I remember reading an American soldier’s account of Okinawa. He had been fighting for quite some time, mostly had the Japanese licked, when in the final moments the Japanese launched a massive banzai attack across open ground, into our prepared defenses.
This of course was folly, and in this soldiers words, we chewed them up. Wave after wave, mountains of corpses littered the battlefield.
But the strange part was yet to come. Apparently that night, a body close to his position, sat stone cold straight up and moaned the most blood curdling moan he had ever heard. Later many others were doing the same. He thought maybe the Japanese were playing possum, as did others who were laying down withering fire against their new foes.
Until one gentlemen, who had the past knowledge to know, informed them that those men were dead. That the heat of the pacific, helped quicken decomposition, and that when the gasses of the body escape the throat that it will vibrate the vocal cords.
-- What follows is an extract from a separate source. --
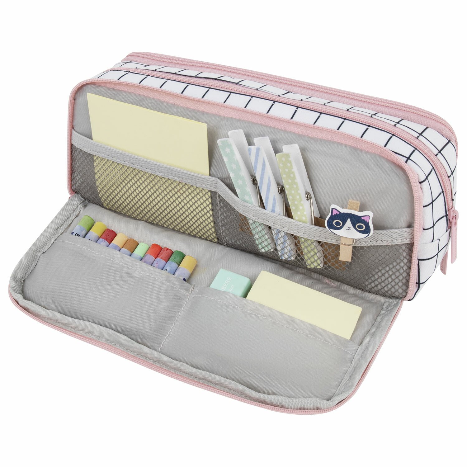 Пенал BRAUBERG MOMENTS имеет одно вместительное отделение с 2 боковыми откидными планками, что позволяет разместить до 70 предметов. Одна откидная планка имеет универсальный органайзер для крупной канцелярии, а вторая – компактные сетчатые карманы, чтобы разместить мелкие часто используемые принадлежности.

That story always stuck with me, and I cannot imagine being in their place.
There is respiration and circulation, otherwise you’d be dead.
Interestingly enough, it appears that no one really knows why anesthesia “works” they way it does.
You’re unconscious, but still breathing etc.. The autonomous functions continue, but everything else turned off.
Genveive Bujold was hot back then. Hard to believe she is 77 now.
A-holes don’t show any of what they are talking about.
Geez, already half insane from fatigue and lack of sleep, then the zombies come out!
Made me remember an incident many years ago when I was commuting through farming country. Visible from the interstate was a field which sloped down from the homestead to near the highwayside. A fullgrown cow keeled over at some point (clement weather so spring or fall) and each day my commute provided a demonstration of decomposition of that cow as it progressed from fresh cadaver to bag of bones. My family still lives there and I can’t travel near that spot without remembering it.
Exhibit - Che Guevera
Stephen Fry had a drive across America show. He stopped by the UTenn one.
My Grandfather a WW! vet opted for Cremation rather than the whole extravaganza of a funeral and had his ashes scattered in the Superstition Mountains outside of Phoenix.
Personally I do not get the whole pickling and packaging model today, ashes to ashes, dust to dust is what I read and believe
God does not need the body to resurrect us
After a long time, they do, but not for many years.